António Guterres, the U.N. Secretary-General, said Wednesday there’s a need for a “windfall” tax on fossil fuel companies—which he called “the godfathers of climate chaos—that would go toward the fight against climate warming.
Last month was the hottest May in history, according to the EU’s Copernicus service, with an average air temperature of 60.6 degrees Fahrenheit (15.9 degrees Celsius). This was the 12th consecutive monthly record high and thought to be 1.52 degrees Celsius higher than the average monthly temperature for May prior to industrial times.

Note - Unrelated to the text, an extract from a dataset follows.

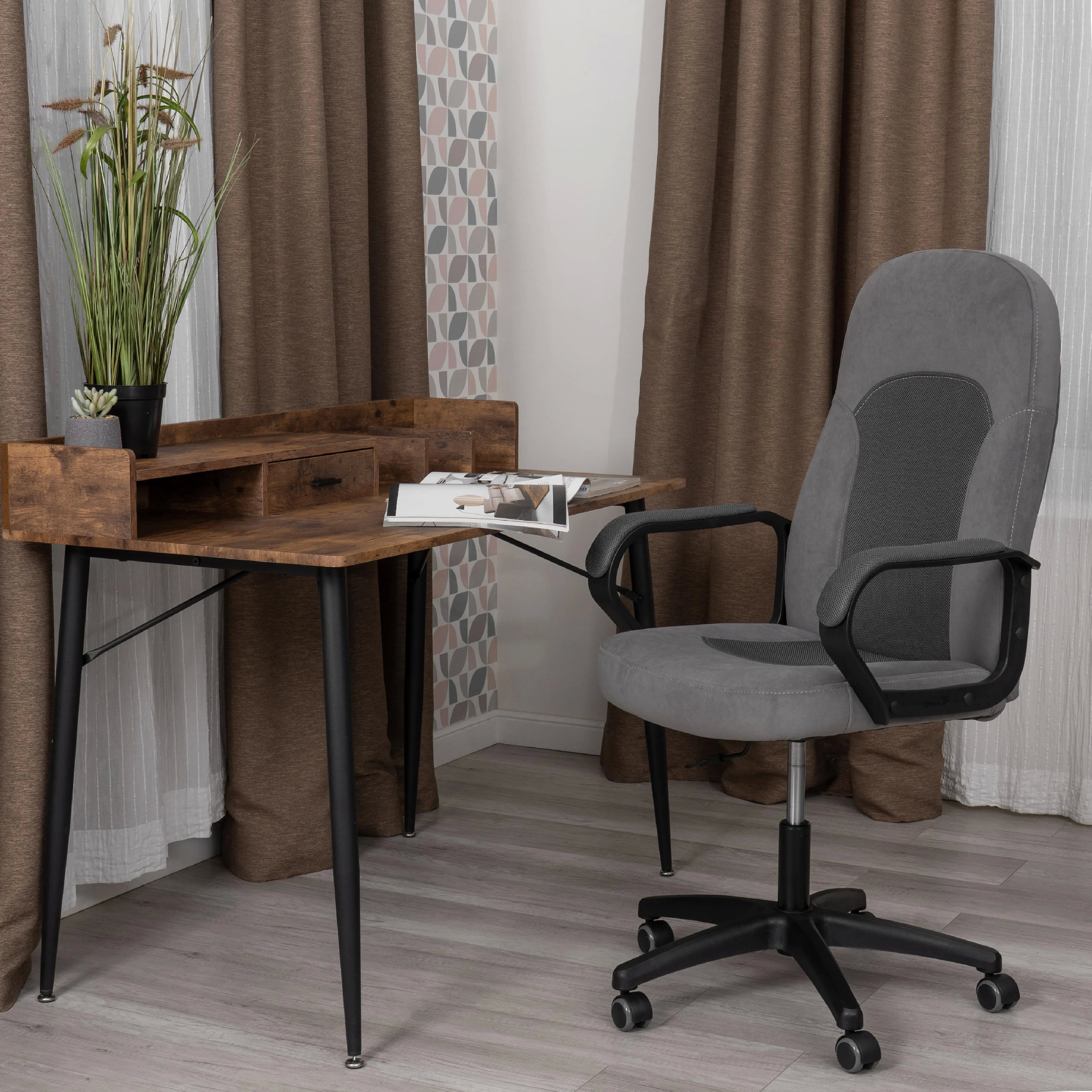 Офисное кресло PARMA — это элегантный и современный элемент, который эффективно дополняет любой интерьер. Отличаясь стильным дизайном, оно подходит как для руководителей, так и для обычных сотрудников. Кресло идеально подойдет как для офиса так для дома. Основные характеристики кресла PARMA: - Каркас: Изготовлен из прочной фанеры толщиной более 10 мм, что гарантирует надежность и долговечность. Этот материал экологически безопасен. - Наполнитель: Анатомический прогиб и мягкое сиденье с наполнителем из пенополиуретана (до 35 кг/м2) стандартной плотности не меняет форму на протяжении длительного времени, хорошо пропускает воздух, не накапливает пыль обеспечивают удобство при длительной работе. - Регулировка: Кресло оснащено механизмом подъема для индивидуальной настройки высоты. - Крестовина и подлокотники*: Черная полиамидная крестовина выглядит стильно и устойчива, а фиксированные мягкие подлокотники помогают снять напряжение с шеи и плеч. - Ролики: Бесшумные полиамидные ролики с прорезиненными вставками защищают напольное покрытие и подходят для использования на низковорсовых поверхностях. - Стандарты: Ролики и крестовина соответствуют стандарту BIFMA, а газлифты 3 класса выдерживают вес до 100 кг. - Обивка: : Экокожа и велюр выдерживают до 50 000 циклов по Мартиндейлу. Кресло PARMA поставляется в разобранном виде и требует простой сборки по прилагаемой инструкции. Кресло PARMA станет хорошим выбором для тех, кто ценит не только комфорт, но и стиль в рабочем пространстве.

Burning fossil fuels, such as gas, oil and coal, is the No. 1 contributor to human-caused global warming. The World Meteorological Organization predicts that the mean near-surface temperature across the globe will range between 1.1 and 1.9 degrees Celsius higher than before industrial times.

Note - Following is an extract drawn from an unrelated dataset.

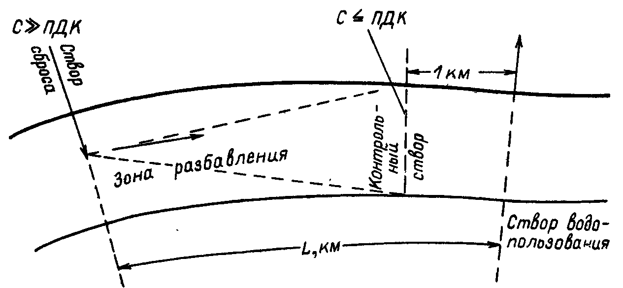 Рис. 5.1. Нормирование загрязняющих веществ в воде водотока

“Beyond the predictions and statistics is the stark reality that we risk trillions of dollars in economic losses, millions of lives upended and destruction of fragile and precious ecosystems and the biodiversity that exists there,” said Ko Barrett, the WMO’s deputy secretary-general, at news conference in Geneva. “What is clear is that the Paris agreement target of 1.5 degrees Celsius is hanging on a thread. It’s not yet dead, but it’s hanging by a thread.”